OK, so you agree that disability is riddled with fraud and waste. And that's what needs to be addressed, not additional funding.
As to Medicare, the program needs to be reformed to empower people to spend their own money on their own healthcare. The issue is not the existence of needy people. The issue is that the program is set up in a way to minimize responsibility and encourage over-spending.
Edited.
And, I am willing to bet there are a lot more people who should receive disability but are denied. I know 3 people off the top of my head who had legitimate debilitating injuries who applied for disability and 2 were denied. The one that did receive disability took 2 years of fighting with the state. We held numerous benefits for him so he didn't lose his house.

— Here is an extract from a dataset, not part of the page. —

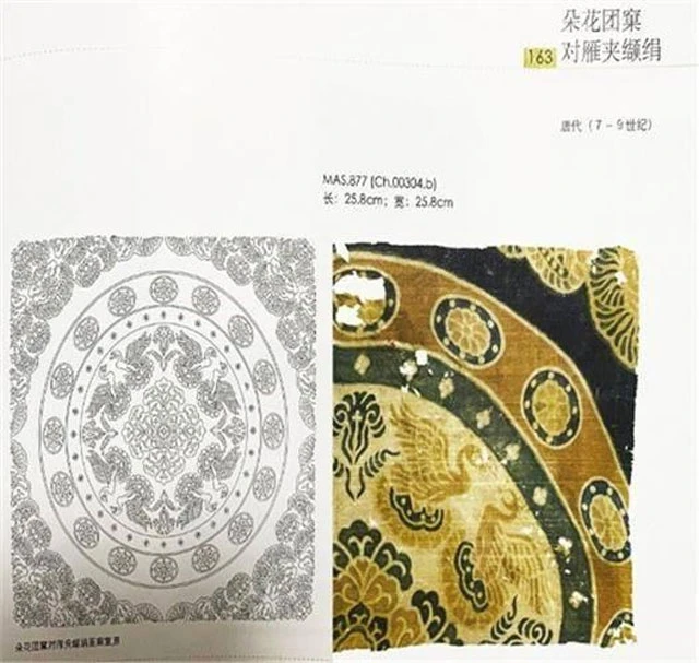 "Dunhuang, as the hub of the Silk Road, documents its silk weaving not only from the East, but also from the Central Asian." By comparing the specifications and technical characteristics with those of the Central Asian system of brocades, Wang Le pointed out that nine of the extant Dunhuang fabrics from the Tang to the Fifth Dynasties are Central Asian system brocades, and that some of the popular Baohua patterns from the Central Plains appear on these fabrics.

Medicare is much more efficient and cost effective than private insurance.
Medicare has a better track record of controlling costs. Beginning in 1997, the growth in Medicare’s cost per beneficiary has been slower than the cost escalation in coverage delivered by private insurers. Between 2002 and 2006, for example, Medicare’s cost per beneficiary rose 5.4 percent, while per capita costs in private insurance rose 7.7 percent, according to MedPAC, an independent agency charged with advising Congress on Medicare issues.
On July 30, 1965, President Lyndon Johnson signed the law creating Medicare.
At the time, about half of the elderly had no health insurance—they were too old and too likely to get sick, so the private market simply wouldn’t insure them. The elderly were the demographic group most likely to live in poverty, and about one in three older Americans were poor. Blacks and other minorities could not receive treatment in whites-only medical facilities, discrimination that was barred by Medicare.
Now the elderly are among the best-insured Americans, with upward of 95 percent covered by Medicare. The rate of poverty among those 65 and older is under 10 percent. The decline in elderly poverty began with the creation of Social Security—but it accelerated, according to Census Bureau data, only after Medicare coverage began.